実際には、化石から、それが生きていたときの状態を考えるのはそれほど簡単ではない。新しい時代のものであれば、現生のとの比較を行うことによって、ある程度の推察は行える。同じ種と判断できれば、ほぼ同じ環境であったと考えてよかろうし、ごく近縁なものと判断されれば、その差からある程度の推察を行うことも可能である。たとえばゾウの化石が出れば、一般には温暖な地域であったのだと想像がつく。しかし、それがマンモスであれば、むしろ寒冷な地域であったと判断される。
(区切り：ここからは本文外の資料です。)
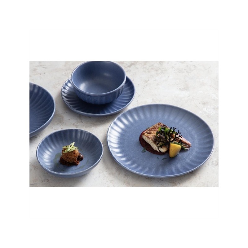 Tapping into the industrial trend's use of natural materials, it's finished in a blue colourway that captures the trend's contemporary appeal. The undulating fossil-inspired pattern adds the finishing touch, helping to frame your dishes - ideal for more experimental dishes that call for a bold backdrop to tie them together. Finished with an imperfect, rustic shape that captures the relaxed feel of handmade artisan pottery, and a flat base that gives you a wide canvas to get creative with when plating, this is crockery for the creative chef.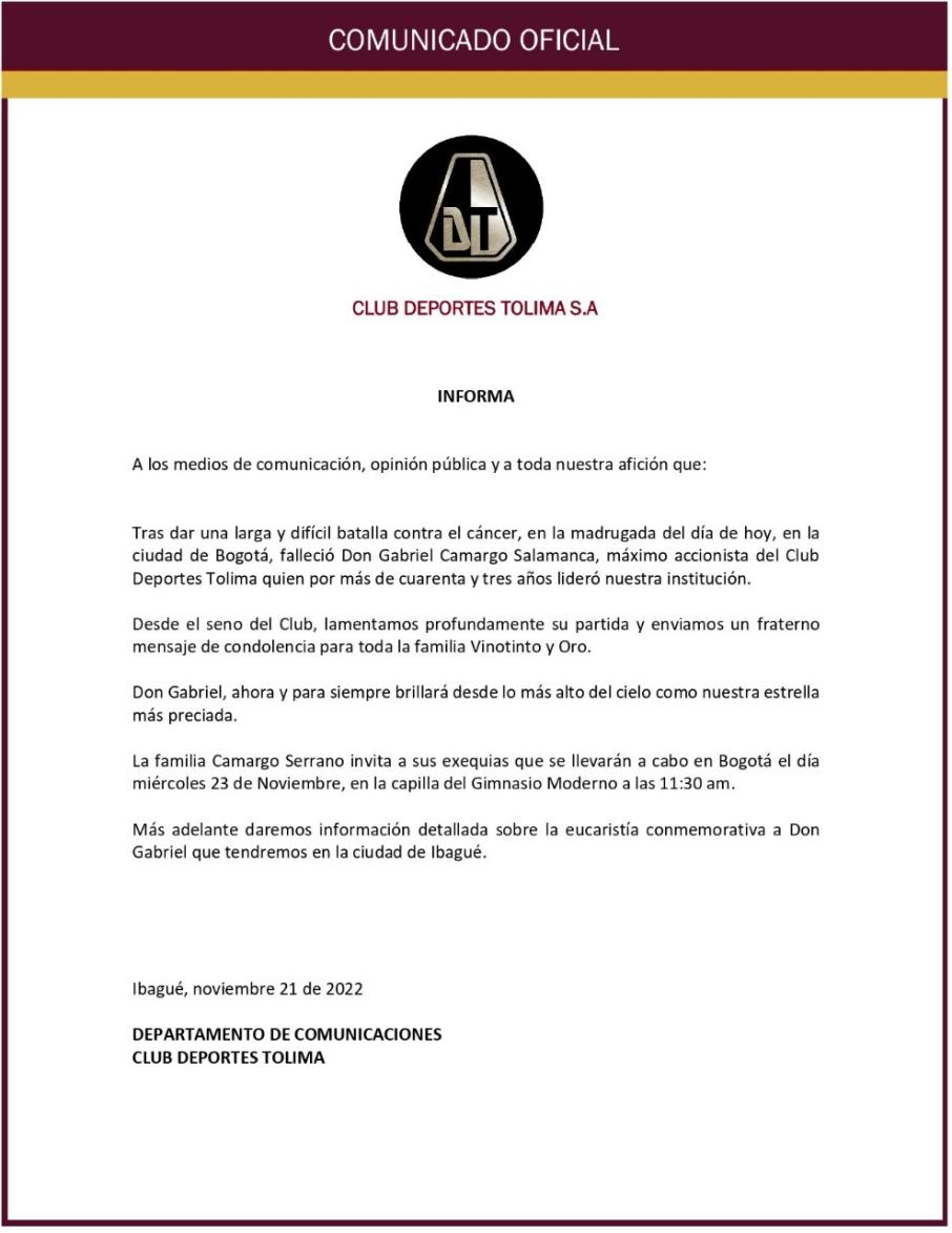Hace algunos minutos la cuenta oficial del Club Deportes Tolima acaba de confirmar el fallecimiento del que fuese el presidente y máximo accionista del equipo pijao, Gabriel Camargo Salamanca, luego de su extensa lucha contra un cáncer que lo obligó a retirarse de la escena pública.
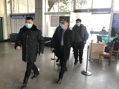 市經(jīng)濟(jì)和信息化局局長、市春運(yùn)工作領(lǐng)導(dǎo)小組辦公室主任石全華(左二)檢查南充汽車客運(yùn)站春運(yùn)工作。
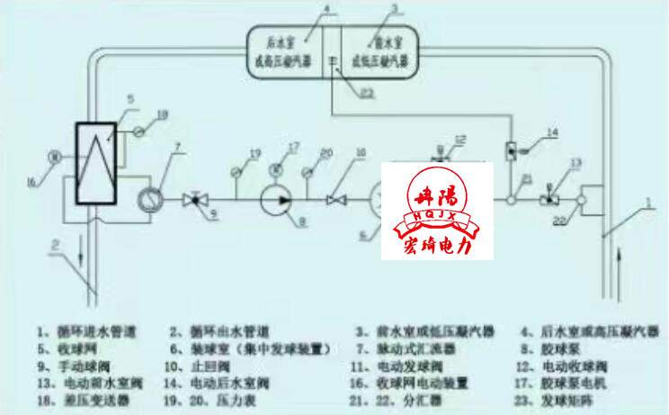 熱水進入循環水出水管道。發球過程中,膠球從集中發球裝置集中發送→循環水進水管道→凝汽器水室入口→凝汽器水室出口→收球網+集中發球裝置。可增設后水室發球點。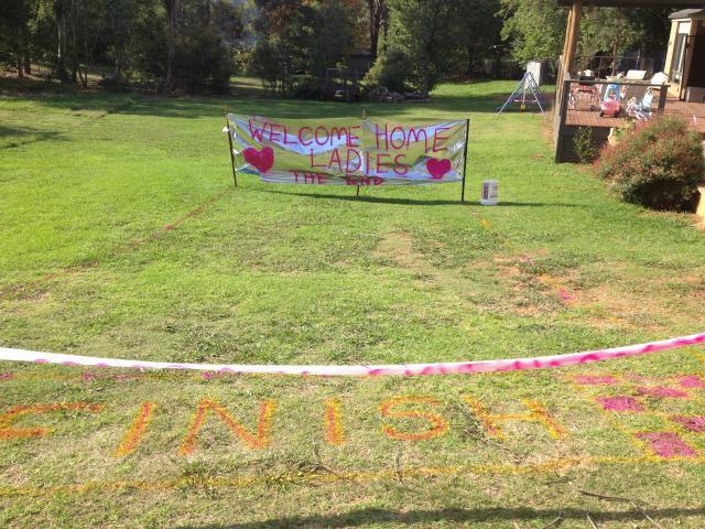 Well the girls got home around 5.30 last night I think. All the husbands and kids were there waiting for their girls. It made me stop and think how many people are involved or affected by this journey. Four blokes and 10 kids.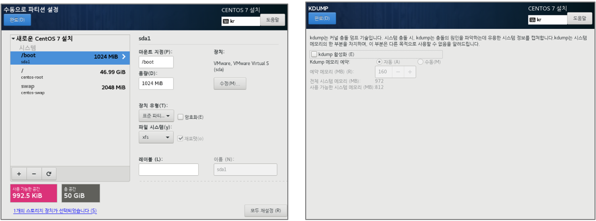 - KDUMP를 비활성화시킨다. kdump - 갑자기 꺼졌을 때, 메모리에 내용을 저장해둔다.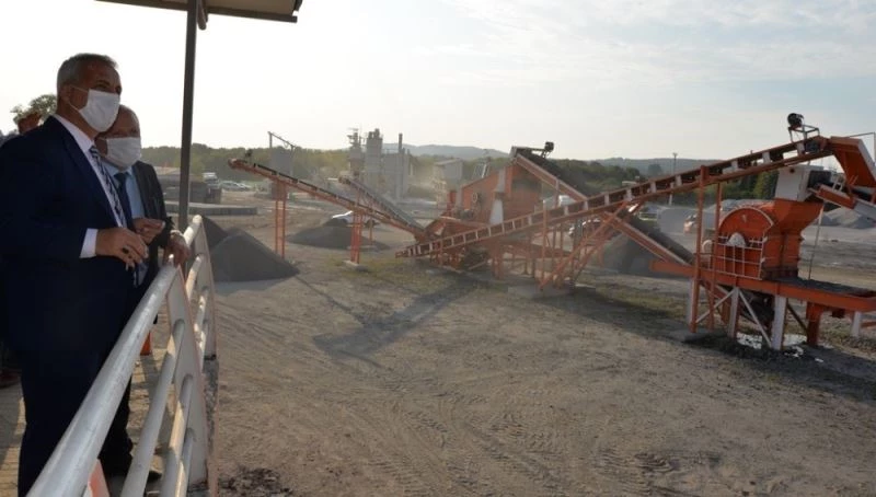 Hendek Belediye Başkanı Turgut Babaoğlu, belediye şantiye sahasında yeni kurulan taş kırma ve eleme tesisinde incelemeler yaparak bilgiler verdi.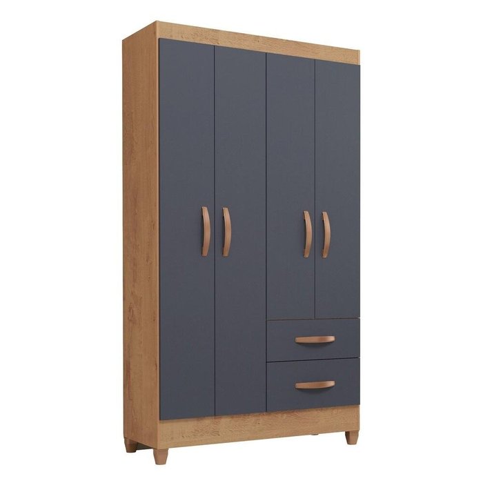 Guarda-Roupas com 4 Portas e 2 Gavetas Multimóveis CR35138 Canelato Rústico/Grafite
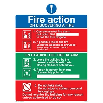Fire Action Sign With Exclamation And Prohibited Symbols Complies with EN 7010 Safety Sign Requirements Vinyl Part of a range of over 35,000 matching signs, perfect for large sites and multiple locations where consistency is important. Viking Signs brand Safety Signs are manufactured in the UK and used everywhere from Giraffe Restaurants to the Excel Centre in London.
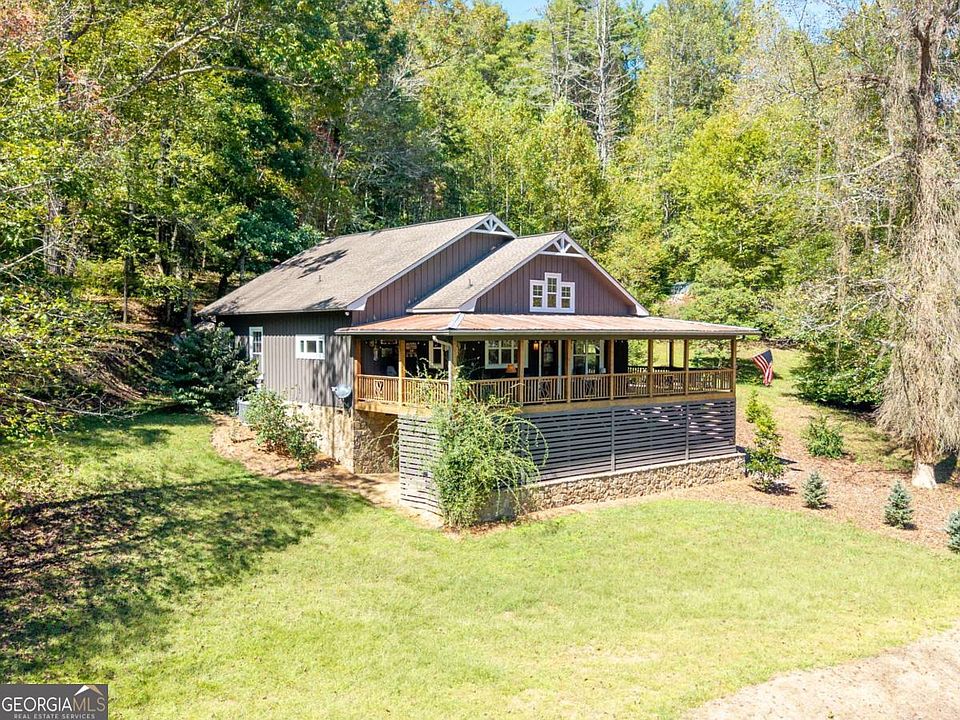 Your Dream Creekside Cabin Retreat Awaits You! Welcome home to this one-of-a-kind cabin tucked along the sparkling,trout-filled waters of Hanging Dog Creek! Set on nearly five peaceful acres, this special offers a mix of privacy, comfort, and mountain charm! Kick back on the covered porch and listen to the soothing sounds of the creek-rain or shine, it is pure relaxation. Step inside and you'll love the open floor plan, where a beautiful wood kitchen flows right into the dining and living areas. It's the perfect spot to gather, share stories, and enjoy the warmth of the stone fireplace after a cool mountain day. Every inch of this home shows true craftsmanship, from the solid wood floors and ceilings to the cozy, rustic touches throughout. With 3 bedrooms and 2.5 baths with an 2 car garage that has plumbing ready for an extra bathroom, giving plenty of room for family and friends. Outside, enjoy evenings around the fireplace, roasting marshmallows, telling stories, or simply soaking in the peace of nature. And when adventure calls, Hiawassee Lake is just minutes away for boating, kayaking, and great fishing. You can even put in a tube Hanging Dog Creek and float all the way to the lake! This is more than just a cabin, it is a place to make memories that last a lifetime!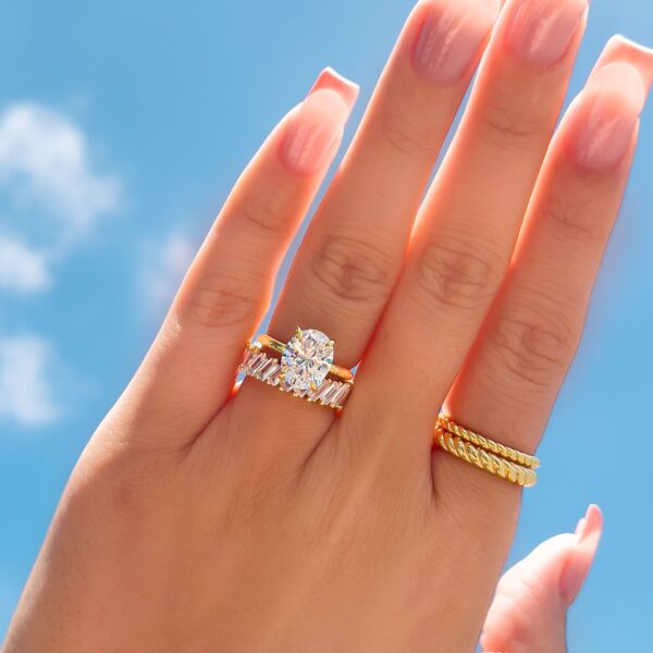 The wait is over, This ring in gold is finally here! Our best-seller is now available in the highest quality 18k gold plating. This 3 carat oval cut beauty proves that simple can be still stunning, making it the perfect ring for any occasion. This ring is a must have in your jewelry collection!

これは、マンモスが現生のゾウとは異なり、非常に厚い毛皮に覆われていたことから、寒冷な気候に適応していたと考えられるためである。

より長い時間軸で

より古い化石であれば、現生の生物との対応はつけにくくなる。しかしながら、それでも現在の生物と比較して、その成育していた環境を判断する場合もある。たとえばサンゴ礁は、古生代の初期から現在に至るまで、さまざまな地域で発達していたと考えられる。化石としては、石灰質の骨格を大規模に発達させた生物が大量に集中する形で発見される。しかし、それを構成する動物の種は、時代によって大きく異なり、同じ珊瑚であっても、現生の珊瑚と古生代の珊瑚では全く異なる群からなっている。また、珊瑚以外の動物(二枚貝など)が関与している例もある。しかし、現在のサンゴ礁はすべて熱帯の浅い海にある。これは、造礁サンゴ共生藻を持ち、彼らの光合成産物によって生活しているからであるが、同時に、珊瑚の骨格形成に共生藻が関わっていると考えられている。したがって、古代に於いてもサンゴ礁を形成する生物は似たような条件で、似たような生活を送っていたと考えるのである。つまり、サンゴ礁の化石が発見されれば、そこはかつて、熱帯の浅い海であったと考えられる。

化石の移動

ただし、プレートテクトニクスの考えによれば、海底はゆっくりと移動しており、現在化石が発見された場所が、かつてその生物の生息していた場所だとは断定できない。たとえば大東島の地下数百mにわたって堆積しているサンゴ礁の層は、その下の部分ほど太平洋の中央に近い場所で形成されたものであろうと思われる。同様に、本州の石灰岩も、それがサンゴ礁起源と考えられた場合も、その地域がその時代にサンゴ礁を保有していたと見るよりは、太平洋のサンゴ礁が本州にまで運び込まれたものと考えるようになっている。